14. That is the basis on which the appeal came before me in the Upper Tribunal.
Discussion
15. I had the benefit of oral submissions from Mr Karim for the appellant, and Mr Melvin for the respondent. I have had regard to all of the material and arguments before me. I accept that it is not necessary for a First-tier Tribunal Judge to address every argument or every factor which weighed in their decision. The correct approach to questions of fact remains that set out in R (Iran) v Secretary of State for the Home Department [2005] EWCA Civ 982.
16. As regards reasons generally, I have had regard to the guidance of the Upper Tribunal in MK (duty to give reasons) Pakistan [2013] UKUT 641 (IAC), summarised in the judicial headnote thus:
" (1) It is axiomatic that a determination discloses clearly the reasons for a tribunal's decision.
(2) If a tribunal finds oral evidence to be implausible, incredible or unreliable or a document to be worth no weight whatsoever, it is necessary to say so in the determination and for such findings to be supported by reasons. A bare statement that a witness was not believed or that a document was afforded no weight is unlikely to satisfy the requirement to give reasons. "

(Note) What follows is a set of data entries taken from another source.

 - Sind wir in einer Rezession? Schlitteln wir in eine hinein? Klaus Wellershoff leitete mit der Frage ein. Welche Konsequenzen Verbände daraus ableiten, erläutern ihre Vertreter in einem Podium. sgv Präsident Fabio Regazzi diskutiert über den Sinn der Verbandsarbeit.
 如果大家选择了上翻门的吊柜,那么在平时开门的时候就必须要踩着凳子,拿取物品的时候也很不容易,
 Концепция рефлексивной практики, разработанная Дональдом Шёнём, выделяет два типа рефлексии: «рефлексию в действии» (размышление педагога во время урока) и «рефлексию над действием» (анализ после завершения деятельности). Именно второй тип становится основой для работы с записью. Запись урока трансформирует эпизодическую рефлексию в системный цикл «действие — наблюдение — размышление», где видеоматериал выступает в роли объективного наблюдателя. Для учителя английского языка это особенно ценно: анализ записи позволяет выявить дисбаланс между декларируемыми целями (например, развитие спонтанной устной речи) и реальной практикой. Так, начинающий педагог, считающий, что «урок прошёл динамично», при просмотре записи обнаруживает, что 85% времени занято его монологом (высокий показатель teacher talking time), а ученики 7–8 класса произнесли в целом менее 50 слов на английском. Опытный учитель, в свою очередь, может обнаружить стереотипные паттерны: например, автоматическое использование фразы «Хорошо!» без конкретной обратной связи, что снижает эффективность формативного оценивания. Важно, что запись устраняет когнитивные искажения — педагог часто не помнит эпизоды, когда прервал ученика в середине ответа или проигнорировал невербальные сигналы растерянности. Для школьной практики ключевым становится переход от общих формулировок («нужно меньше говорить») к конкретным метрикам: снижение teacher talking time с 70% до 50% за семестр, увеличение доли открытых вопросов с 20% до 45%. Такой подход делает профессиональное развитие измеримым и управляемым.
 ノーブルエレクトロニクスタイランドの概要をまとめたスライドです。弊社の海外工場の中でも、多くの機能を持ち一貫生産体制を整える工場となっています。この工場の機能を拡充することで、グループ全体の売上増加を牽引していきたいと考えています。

17. It is not always necessary for there to be extensive reasons, in a plain case, but the reasons given must always be adequate. I am guided by the recent decision of the Court of Appeal in AS (Iran) v The Secretary of State for the Home Department [2017] EWCA Civ 1539 at [26] in the judgment of Lord Justice Irwin, with whom Lord Justice Moylan and Lady Justice Rafferty agreed:
"26. In approaching criticism of reasons given by a First-tier Tribunal, the Respondent correctly reminds us to avoid a requirement of perfection. As Brooke LJ observed in the course of his decision in R ( Iran ) v The Secretary of State for the Home Department [2005] EWCA Civ 982, "unjustified complaints" as to an alleged failure to give adequate reasons are all too frequent. The obligation on a Tribunal is to give reasons in sufficient detail to show the principles on which the Tribunal has acted and the reasons that have led to the decision. Such reasons need not be elaborate, and do not need to address every argument or every factor which weighed in the decision. If a Tribunal has not expressly addressed an argument, but if there are grounds on which the argument could properly have been rejected, it should be assumed that the Tribunal acted on such grounds. It is sufficient that the critical reasons to the decision are recorded. In respect of each of these grounds of complaint, the Secretary of State submits that perfectly acceptable reasoning was set out in the First-tier Tribunal decision."

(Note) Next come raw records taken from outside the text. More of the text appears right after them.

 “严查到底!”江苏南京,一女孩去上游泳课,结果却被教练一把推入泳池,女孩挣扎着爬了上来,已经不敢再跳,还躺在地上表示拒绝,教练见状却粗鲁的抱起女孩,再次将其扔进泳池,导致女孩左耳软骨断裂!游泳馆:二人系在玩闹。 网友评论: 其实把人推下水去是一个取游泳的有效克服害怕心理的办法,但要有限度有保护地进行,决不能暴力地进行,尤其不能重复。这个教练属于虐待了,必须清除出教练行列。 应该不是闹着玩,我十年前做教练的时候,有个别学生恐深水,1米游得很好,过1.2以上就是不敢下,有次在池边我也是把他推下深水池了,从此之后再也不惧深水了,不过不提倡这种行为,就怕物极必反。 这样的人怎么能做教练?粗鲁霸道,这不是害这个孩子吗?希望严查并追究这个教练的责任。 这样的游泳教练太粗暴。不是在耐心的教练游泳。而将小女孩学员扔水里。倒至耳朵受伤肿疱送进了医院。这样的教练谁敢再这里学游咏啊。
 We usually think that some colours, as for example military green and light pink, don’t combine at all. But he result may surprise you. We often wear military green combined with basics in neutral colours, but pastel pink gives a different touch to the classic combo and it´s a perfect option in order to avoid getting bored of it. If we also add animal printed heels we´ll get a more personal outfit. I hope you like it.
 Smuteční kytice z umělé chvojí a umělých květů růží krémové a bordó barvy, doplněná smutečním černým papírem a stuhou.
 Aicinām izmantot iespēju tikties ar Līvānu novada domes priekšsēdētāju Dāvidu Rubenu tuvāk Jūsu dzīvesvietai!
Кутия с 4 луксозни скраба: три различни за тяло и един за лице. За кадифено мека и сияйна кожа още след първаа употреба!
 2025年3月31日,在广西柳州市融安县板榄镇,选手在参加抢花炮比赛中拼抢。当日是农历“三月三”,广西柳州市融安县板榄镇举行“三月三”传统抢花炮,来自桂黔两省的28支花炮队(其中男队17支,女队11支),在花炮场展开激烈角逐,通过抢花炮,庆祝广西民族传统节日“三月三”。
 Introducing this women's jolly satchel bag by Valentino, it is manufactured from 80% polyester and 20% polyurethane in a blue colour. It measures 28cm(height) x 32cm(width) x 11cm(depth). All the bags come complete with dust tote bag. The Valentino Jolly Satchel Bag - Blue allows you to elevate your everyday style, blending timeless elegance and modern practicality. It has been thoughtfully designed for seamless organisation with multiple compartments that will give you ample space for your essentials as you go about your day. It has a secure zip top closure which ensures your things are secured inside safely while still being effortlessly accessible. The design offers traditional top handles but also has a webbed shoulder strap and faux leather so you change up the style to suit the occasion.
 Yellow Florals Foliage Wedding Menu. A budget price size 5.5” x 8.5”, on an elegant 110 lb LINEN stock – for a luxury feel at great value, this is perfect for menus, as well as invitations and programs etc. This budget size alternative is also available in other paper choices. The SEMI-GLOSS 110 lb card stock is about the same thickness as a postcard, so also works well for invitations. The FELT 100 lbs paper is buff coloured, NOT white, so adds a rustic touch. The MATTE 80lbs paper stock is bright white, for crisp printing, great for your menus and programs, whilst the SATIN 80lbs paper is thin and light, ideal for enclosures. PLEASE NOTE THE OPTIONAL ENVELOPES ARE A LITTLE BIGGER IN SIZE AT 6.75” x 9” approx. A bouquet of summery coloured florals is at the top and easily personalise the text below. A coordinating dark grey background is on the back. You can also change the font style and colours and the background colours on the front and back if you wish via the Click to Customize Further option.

18. In this appeal, however, there is no proper reasoning for the Judge's rejection of the claimed Kugathas dependency between the elder daughter and the appellant. I do not find myself able to assume, on the evidence before the First-tier Tribunal, that the Judge properly considered the evidence about the support received and dependency of the elder daughter on her father. On the contrary, having regard to that evidence and in particular given the previous grant of leave to remain by reason of the appellant's relationship with both his daughters while they were not yet adults, a Kugathas analysis of the evidence relating to the elder daughter was essential and the failure properly to reason that part of the First-tier Tribunal's decision is a material error of law.

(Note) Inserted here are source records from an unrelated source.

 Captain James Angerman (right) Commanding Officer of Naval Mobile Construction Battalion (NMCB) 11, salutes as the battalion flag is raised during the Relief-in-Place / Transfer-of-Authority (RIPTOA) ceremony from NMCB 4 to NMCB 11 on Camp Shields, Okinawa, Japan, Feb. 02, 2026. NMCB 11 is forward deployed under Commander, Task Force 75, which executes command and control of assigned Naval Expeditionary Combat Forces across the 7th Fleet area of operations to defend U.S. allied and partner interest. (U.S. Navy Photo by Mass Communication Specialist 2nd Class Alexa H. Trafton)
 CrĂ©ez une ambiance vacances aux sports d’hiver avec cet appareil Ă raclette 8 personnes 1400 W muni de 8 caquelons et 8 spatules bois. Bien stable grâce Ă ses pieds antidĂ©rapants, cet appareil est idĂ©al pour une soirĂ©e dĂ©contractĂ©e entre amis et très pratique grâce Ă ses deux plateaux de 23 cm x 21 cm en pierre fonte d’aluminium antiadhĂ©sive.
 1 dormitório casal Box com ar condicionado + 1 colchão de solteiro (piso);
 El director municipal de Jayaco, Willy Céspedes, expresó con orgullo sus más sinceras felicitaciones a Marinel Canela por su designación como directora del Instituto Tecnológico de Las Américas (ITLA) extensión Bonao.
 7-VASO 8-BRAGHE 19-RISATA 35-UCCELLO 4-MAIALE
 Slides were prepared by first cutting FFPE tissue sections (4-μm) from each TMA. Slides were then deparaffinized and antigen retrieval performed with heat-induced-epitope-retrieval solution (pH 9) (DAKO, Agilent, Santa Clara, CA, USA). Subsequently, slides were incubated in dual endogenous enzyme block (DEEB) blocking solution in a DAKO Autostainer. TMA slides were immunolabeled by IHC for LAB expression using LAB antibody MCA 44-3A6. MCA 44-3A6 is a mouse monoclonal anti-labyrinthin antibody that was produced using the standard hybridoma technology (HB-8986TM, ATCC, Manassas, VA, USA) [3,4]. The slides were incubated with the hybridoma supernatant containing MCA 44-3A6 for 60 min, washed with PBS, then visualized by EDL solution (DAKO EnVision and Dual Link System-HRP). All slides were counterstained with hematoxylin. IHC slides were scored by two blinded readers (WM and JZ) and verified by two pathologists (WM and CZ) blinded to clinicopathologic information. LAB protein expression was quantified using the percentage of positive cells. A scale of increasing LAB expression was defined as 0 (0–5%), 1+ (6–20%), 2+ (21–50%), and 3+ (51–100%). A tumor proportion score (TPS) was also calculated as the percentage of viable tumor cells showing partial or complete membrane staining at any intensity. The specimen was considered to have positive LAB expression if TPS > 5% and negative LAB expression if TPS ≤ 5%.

19. I therefore set aside the First-tier Tribunal decision, with no finding of fact or credibility to be preserved, and remit the appeal to the First-tier Tribunal for hearing afresh.
DECISION
20. For the foregoing reasons, my decision is as follows:
The making of the previous decision involved the making of an error on a point of law.
I set aside the previous decision.
The decision in this appeal will be remade in the First-tier Tribunal on a date to be fixed.